We will consider a simple four user CDM system, using orthogonal codes. The chipping codes (or chips) for each of the four users are four samples in length. U1 = [1 1 1 1] U1 = [1 -1 1 -1] U1 = [1 1 -1 -1] U1 = [1 -1 -1 1] Multiplication four these four chipping codes is defined with the ordinary vector dot product (that is, is [u v w x].[a b c d] = ua + vb + wc + xd). a. Show that these four vectors are orthogonal. b. Moreover, if we multiply any of these vectors by itself, what is the result? c. Now, suppose each of the four users wishes to communicate a single number (any number will do – it doesn’t have to be binary). Let a, b, c, and d denote those four numbers. What is the signal transmitted by each of the four users? d. What is the multiplexed signal? e. Demonstrate that the receiver can demultiplex the signal by multiplying your answer in part d by the chipping code of the corresponding user.

2.

Repeat Q1, replacing the four chipping codes U1, U2, U3, and U4 with the following four codes: V1 = [1 0 0 0] V1 = [0 1 0 0] V1 = [0 0 1 0] V1 = [0 0 0 1] Explain why this is exactly equivalent to ordinary synchronous TDM. I.e. synchronous TDM is a special case of CDM.

3.

[DIFFICULT] CDM can also be achieved with random rather than orthogonal sequences. But, the example I gave you in lectures (actually ) was a bit of a con.
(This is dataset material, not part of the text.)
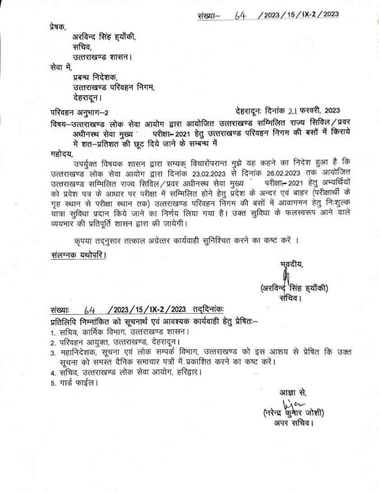 मुख्यमंत्री पुष्कर सिंह धामी के निर्देश पर उत्तराखण्ड लोक सेवा आयोग द्वारा 23 फरवरी से 26 फरवरी 2023 को आयोजित की जाने वाली सम्मिलित राज्य सिविल/प्रवर अधीनस्थ सेवा मुख्य परीक्षा हेतु अभ्यर्थियों को उत्तराखण्ड परिवहन निगम की बसों में किराये में शत-प्रतिशत छूट दी जाएगी।
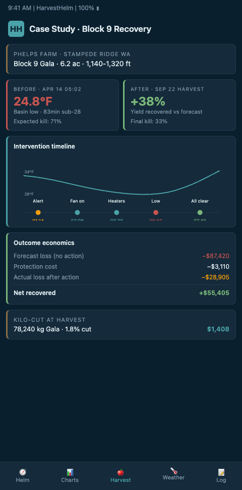 Honeycrisp blocks in New York, Michigan, Vermont, and Western NC lost hundreds of millions in 2023 to freezes that were navigable with the right data. HarvestHelm gives mountain orchardists the block-by-block visibility to separate king-bloom mortality from side-bloom salvage, and our kilo-cut model means you pay nothing until the packhouse scale clears a recovered harvest. Waitlist growers get priority sensor allocation for the 2026 bloom window, ahead of the next cold-air drainage event. Lock in your spot before the next freeze writes the first chapter of your 2026 recovery playbook. Pilots signing before April get the 85-to-100 GDD post-petal-fall triage timing pre-configured so the surgical thinning pass fires in the 4-day window that separates 38-percent recovery from 22-percent recovery on the same viable-bloom base.

This is how it really should work. Each user is assigned a long random sequence, and the receiver maintains a copy of that sequence. a. Show that a long random sequence multiplied by itself (using the vector dot product as in question 1) is non-zero, but that two different long random sequences, multiplied together is almost zero. b. Using this fact, you can repeat the procedure of question one to encode multiple signals from several users, using the random sequences as the chipping codes. c. Implement and test this using MATLAB (or some other programming language).